I called both my mother and father, desperate to come home from school in Missouri, and woke up to my father knocking at my dorm door, telling me to get packed, withdraw, and speak to my coach, while he slept.  He must have left minutes after I hung up the telephone.

I was never once hurt, or hindered as I wandered around Europe and the Rockies and the California coast and desert...not once.  I lost everything that I had...identification, money, hope...in Germany and was helped to pull myself back together by a casual Australian friend that I had bounced intermittently around Europe with, and a strange, old Bosnian man who had left his entire family in the deadly dischord of his homeland.  He calmed me down, then he helped me find a phone to track down my things, and bought me a $20 phone card before disappearing into the crowd.  Before I turned to use the phone he had given me a tearful hug and a pat on my cheek.  "I can't help my grandson but I can help you," he uttered to me before drifting away into the ether.  I never saw him again, and never knew his name.

In Santa Barbara, California I met a girl who was traveling with her Mom.  Soon after our meeting I learned that I was broke, so I said goodbye hastily, and scurried back to the safety of free desert camping in Joshua Tree.  By the strangest of happenstance, I stumbled back into the two in the desert.  I hadn't the money to make it home so they gave me a ride to Colorado where I spent nearly every last dollar I had on a bus back to Detroit.  From there I slipped the driver my last $5 for a no-ticket ride across the border to Canadian customs.  A friend let me sleep the night at his house before I limped home in the morning.  Had I not found those two familiar faces amongst the high desert boulders in Joshua Tree National Park, I don't know how I would have gotten home.  They were just one more reminder out of many that there is still a kindness left in complete strangers.

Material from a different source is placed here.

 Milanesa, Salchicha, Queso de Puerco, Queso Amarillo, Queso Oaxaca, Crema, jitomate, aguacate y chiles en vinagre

I met my wife at camp...we became friends, went about our lives as such, and then decided we were much more than that.

The list is endless...

Bruce Madej at the University of Michigan hiring a completely undeserving, unqualified kid to intern in one of the country's largest Athletic Departments.  It changed my perspectives, if not my life.

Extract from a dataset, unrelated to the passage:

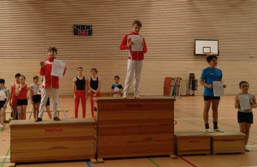 Für die fünf weiterqualifizierten Jungs ging es darum, die guten Plätze von den Bezirksmeisterschaften zu verteidigen. Außerdem war das Ziel, dass sich die Turner im Pflichtwettkampf für das Bezirksfinale weiterqualifizieren. Im ersten Durchgang schaffte es Noah Cottone mit einem dritten Platz. Leider knapp schied Leopold Schneider mit einem sechsten Platz aus. Im zweiten Durchgang schafften Noah Schulz und Jedidja Frank ihre beiden Treppenplätze im Wahl-3-Kampf zu verteidigen. Noah darf sich über den Titel des Gaumeisters und Jedidja über den Vizemeistertitel freuen. Nach einem sehr überzeugenden und mit vielen hohen Übungen begonnenen Wettkampf verletzte sich Quentin Lehner leider beim Einturnen am Boden und konnte nicht mehr seinen Wettkampf voll zuende turnen und wurde am Ende vierter. Für Noah C. Und Quentin geht es am 13.Mai um die Qualifikation für das Landesfinale.

After thirty years apart, my parents decided to be friends again.  It was a strange but important gift.

I have in-laws and a brother and sister-in-law that I care about..and another sister-in-law who I love.

I have nieces and nephews that I adore.

I have friends.

I have been so unbelievably fortunate that it's sometimes easy to lose perspective, and feel cheated, or treated unfairly in certain situations.  It's nonsense.  I have nothing that I could possibly complain about...nothing that hasn't worked out, or been exactly the way that it probably should have been...nothing.  I have good friends, a healthy family, a fulfilling job and career, and somehow some integrity still intact after forty years of testing it.

Its about not taking what you have for granted and sometimes I need reminding.